**DATA SUPPLIED**
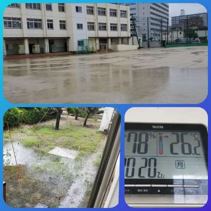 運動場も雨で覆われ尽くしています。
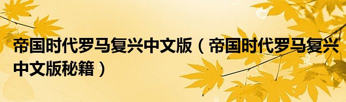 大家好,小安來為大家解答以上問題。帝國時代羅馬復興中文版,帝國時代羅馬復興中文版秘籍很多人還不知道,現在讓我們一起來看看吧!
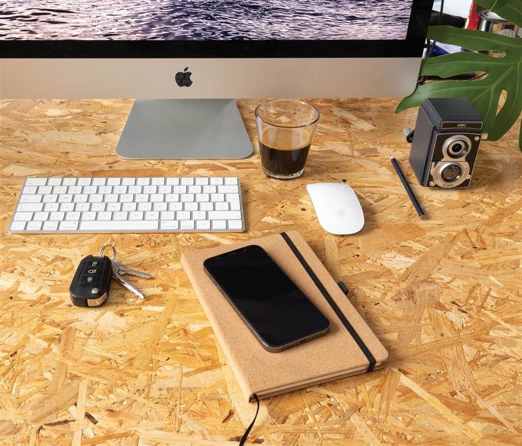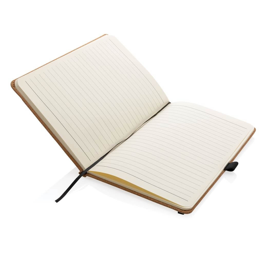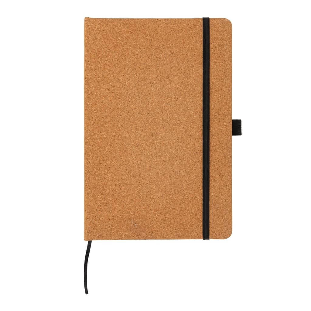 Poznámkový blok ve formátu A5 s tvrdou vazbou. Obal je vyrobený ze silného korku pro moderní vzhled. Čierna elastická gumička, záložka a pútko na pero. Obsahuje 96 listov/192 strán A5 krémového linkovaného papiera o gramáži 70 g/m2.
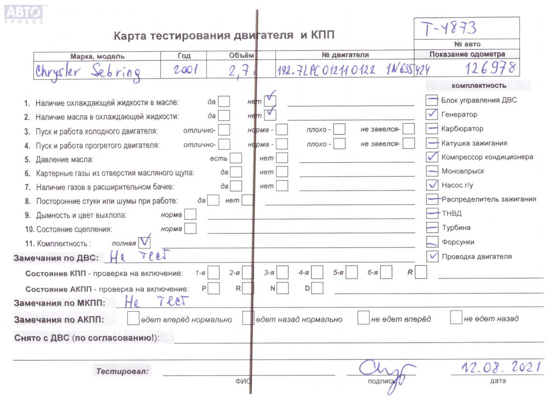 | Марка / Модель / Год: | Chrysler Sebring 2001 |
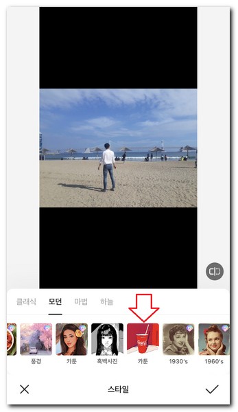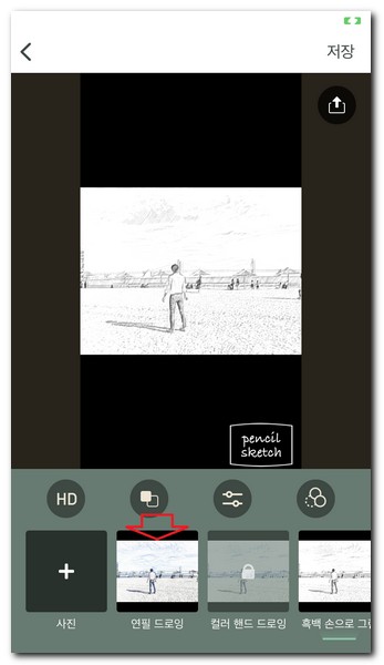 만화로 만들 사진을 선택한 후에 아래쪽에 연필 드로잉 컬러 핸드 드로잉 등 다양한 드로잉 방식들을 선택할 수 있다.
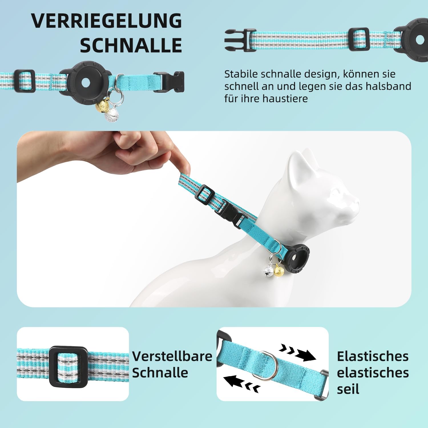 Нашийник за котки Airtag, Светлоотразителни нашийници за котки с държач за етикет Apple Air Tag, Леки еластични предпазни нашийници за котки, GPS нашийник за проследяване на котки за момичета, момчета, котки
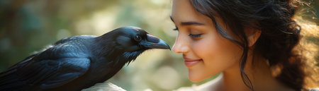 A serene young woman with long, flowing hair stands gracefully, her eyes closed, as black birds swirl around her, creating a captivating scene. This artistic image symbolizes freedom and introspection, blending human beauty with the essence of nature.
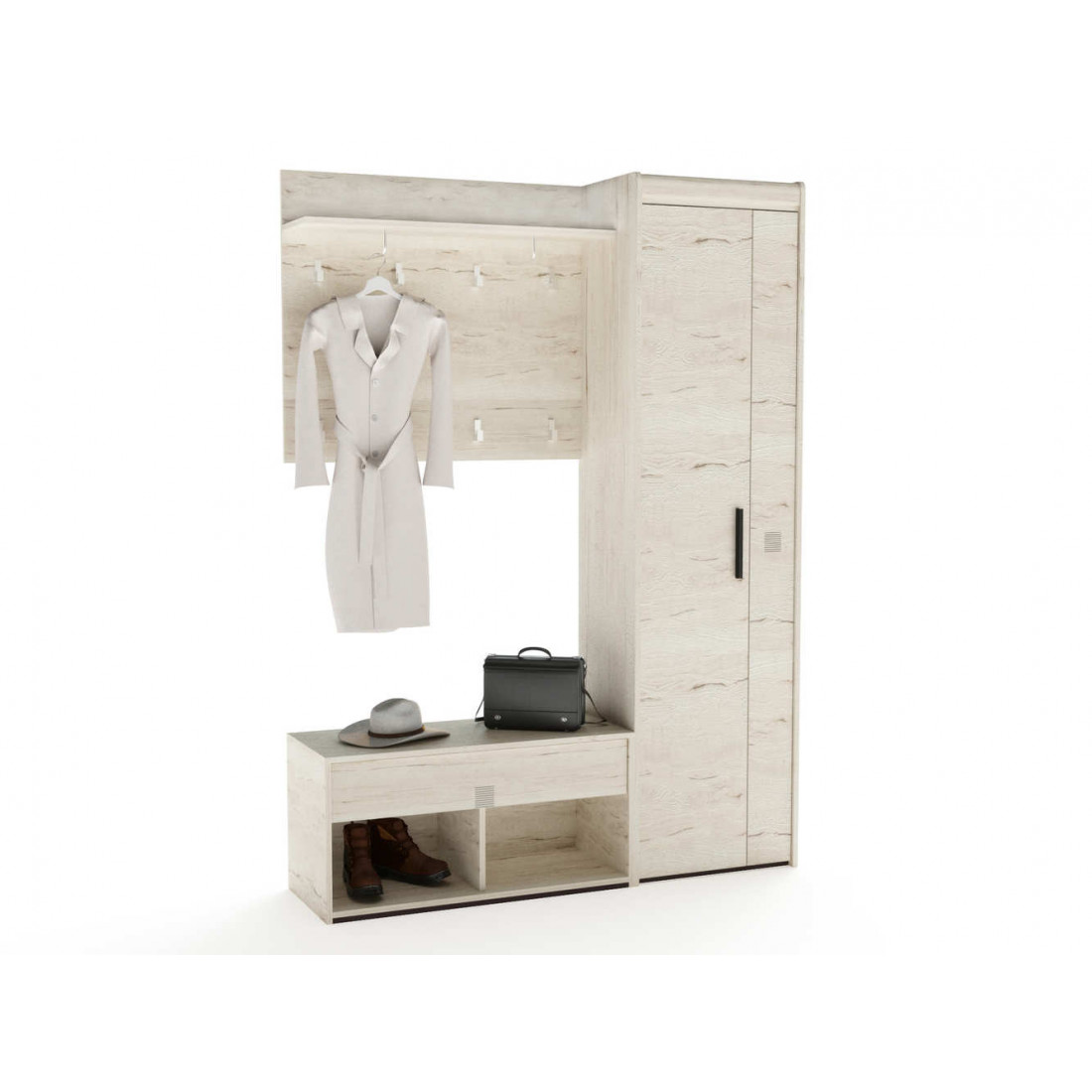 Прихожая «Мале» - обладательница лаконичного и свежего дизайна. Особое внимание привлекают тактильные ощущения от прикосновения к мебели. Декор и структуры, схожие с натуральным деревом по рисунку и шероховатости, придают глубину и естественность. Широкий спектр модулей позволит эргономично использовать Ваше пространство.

**THE PROBLEM**
Would you repeat the entries exactly, but with no pictures?

**RESPONSE TO THE TASK**
 運動場も雨で覆われ尽くしています。
 大家好,小安來為大家解答以上問題。帝國時代羅馬復興中文版,帝國時代羅馬復興中文版秘籍很多人還不知道,現在讓我們一起來看看吧!
 Poznámkový blok ve formátu A5 s tvrdou vazbou. Obal je vyrobený ze silného korku pro moderní vzhled. Čierna elastická gumička, záložka a pútko na pero. Obsahuje 96 listov/192 strán A5 krémového linkovaného papiera o gramáži 70 g/m2.
 | Марка / Модель / Год: | Chrysler Sebring 2001 |
 만화로 만들 사진을 선택한 후에 아래쪽에 연필 드로잉 컬러 핸드 드로잉 등 다양한 드로잉 방식들을 선택할 수 있다.
 Нашийник за котки Airtag, Светлоотразителни нашийници за котки с държач за етикет Apple Air Tag, Леки еластични предпазни нашийници за котки, GPS нашийник за проследяване на котки за момичета, момчета, котки
 A serene young woman with long, flowing hair stands gracefully, her eyes closed, as black birds swirl around her, creating a captivating scene. This artistic image symbolizes freedom and introspection, blending human beauty with the essence of nature.
 Прихожая «Мале» - обладательница лаконичного и свежего дизайна. Особое внимание привлекают тактильные ощущения от прикосновения к мебели. Декор и структуры, схожие с натуральным деревом по рисунку и шероховатости, придают глубину и естественность. Широкий спектр модулей позволит эргономично использовать Ваше пространство.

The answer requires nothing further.